— Так, товарищи, если о задаче в целом — прочесывание берега реки. Ищем человека.

— Утопленник, стало быть, — догадался Сергеич. — А мешок у вас есть? Потому что в прошлом году мы вытаскивали…

— Я тебе мешок найду, — отрезал офицер. — Тут не в таре дело. Сейчас вот специалист объяснит. И рожи корчить нечего — дело серьезное. Давайте суть, товарищ Пантелеев.

Грустный дядька покомкал свою кепку, откашлялся и начал излагать. Марик слушал и думал о том, что «Психо» уже всех подряд перезаразила.

В Москве-реке выловили бутылку. Таинственную. Забавляется народ, в пиратов играет, записки отправляет. Дело понятное. Выловившие полюбопытствовали, посмеялись. Почему не выбросили, даже непонятно. Наверное, потому, что кроме пространного, накарябанного на листе оберточной бумаги, послания в бутылке имелась и карта на 16 Гб. Понятно, что не такая уж ценность в нынешние цифровые времена, но и не такая безделушка, чтобы топить в реке ради шутки. На карте имелись фото, сделанные мобильным телефоном. Кто-то шибко умный передал находку в Окружной центр ФСПП. А вот шутки там уже разучились понимать.

Грустный мужик, которого звали Леонтий Петрович, показал несколько распечатанных фотографий. Довольно кривоватых и не «в фокусе». Вот парень сидит у костра, диковато глядя в объектив. Вот он же двумя руками держит за хвост тушку животного.

— Это что, ондатра такая здоровенная? — заинтересовался Сергеич.

— Автор именует эту тварь бобром, — пробурчал коренастый лейтенант-эмчеэсник.

— У бобра хвост другой, — сказал Марик.

Лейтенант покосился:

— Охотник, что ли?

— Да не особо.

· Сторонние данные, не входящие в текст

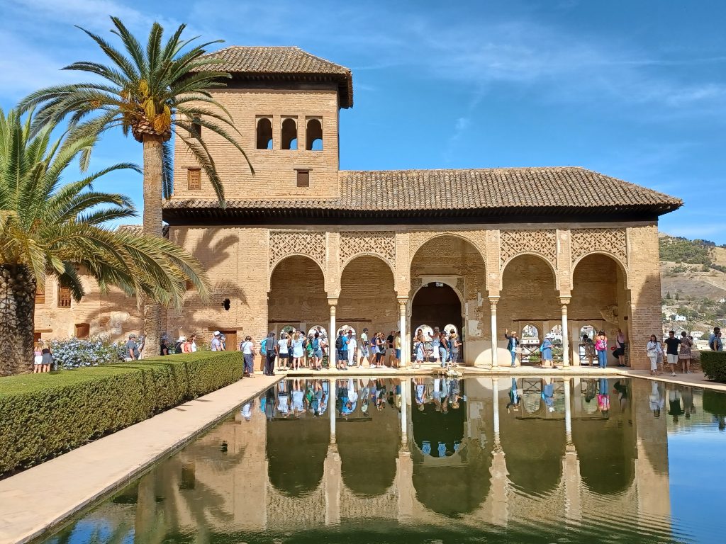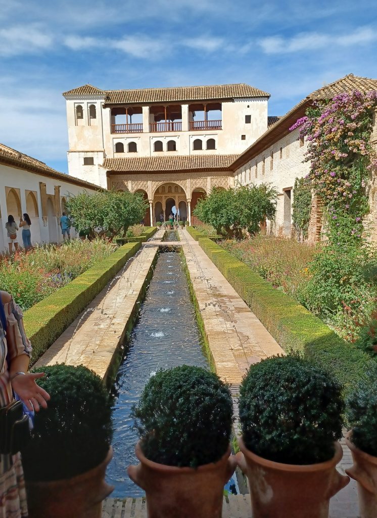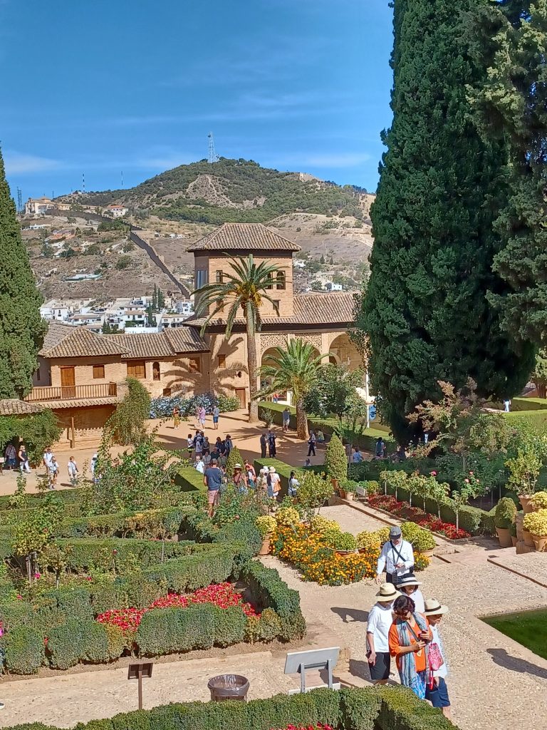 I visited the magnificent Moorish palace of the Alhambra eons ago and am looking forward to seeing it again, even though I feel like death warmed up and am coughing and spluttering into my mask. Much has been said about the Alhambra by our guide, how lucky we are to have acquired tickets etc etc. We wander round the gardens with the local guide. Exquisitely beautiful, the gardens are, with pomegranate trees (the reason for Granada being named Granada, I understand), flower borders, palm trees, and pools of water. Birds trill in the neat hedgerows. The only blot on the landscape is the stream of tourists endeavouring, perhaps, to capture the solace and tranquillity of this place.
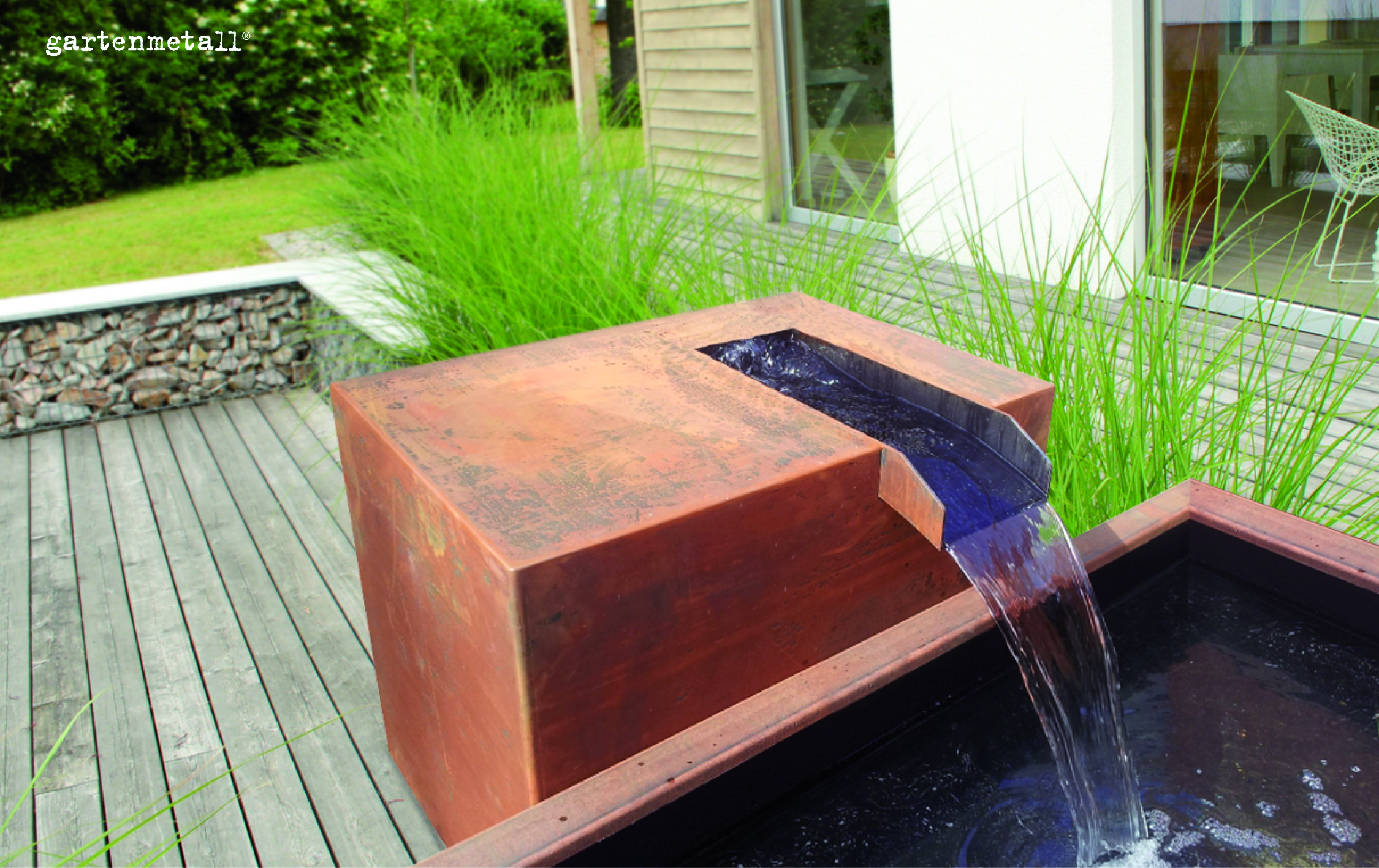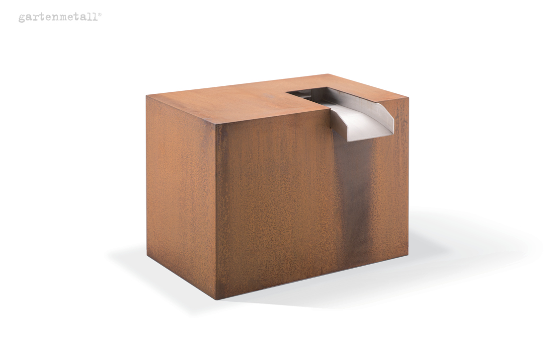 – Bei Quellbrunnen aus Cortenstahl kann es insbesondere in den ersten Jahren zu einer Rostablösung von bis zu 0,05 mm der Oberfläche kommen. Die Aufstellung ist so zu planen, dass diese Rostablösung kontrolliert und definiert ablaufen kann.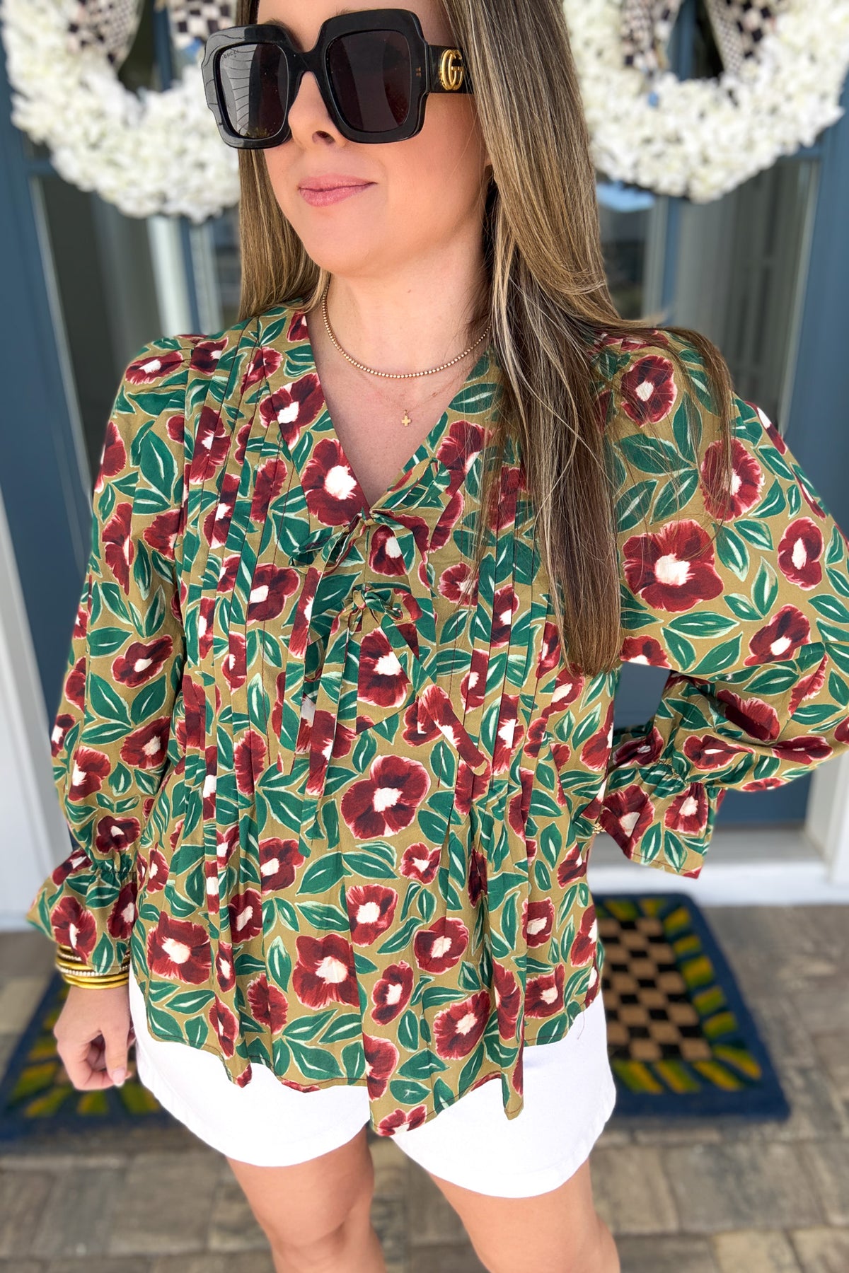 Meet your new go-to spring statement piece. The Fairway Bloom Bow Tie Blouse features a rich green base with bold floral detailing that feels fresh, elevated, and perfectly on trend for the season. Designed in 100% cotton, it’s breathable, lightweight, and easy to wear from morning errands to evening plans.

Но у нас в ручьях водятся.

— Где это у вас? Таежник, что ли? — с подозрением осведомилась старушка, повелевшая себя называть «уполномоченным агентом Надеждой Вениаминовной».

— Я с Тверской губернии. У нас там бобры расплодились просто жутко.

— Губерния здесь ни при чем. И бобры тоже, — призвал к порядку лейтенант. — Специалисты уверяют, что это и вообще не бобры и не ондатры. Смутное животное, возможно, грызун.

— Розыгрыш, — уверенно сказал Сергеич. — Эти отдыхающие чего только не придумают. Как-то раз у нас бабу надувную в гальюне пристроили. С первого взгляда — точно шалава перепившая. Извиняюсь, Надежда Вениаминовна. Я к тому, что народец принял на грудь и начал в робинзонов играться. А бобр этот — небось кошка дохлая. Выловили и изображают.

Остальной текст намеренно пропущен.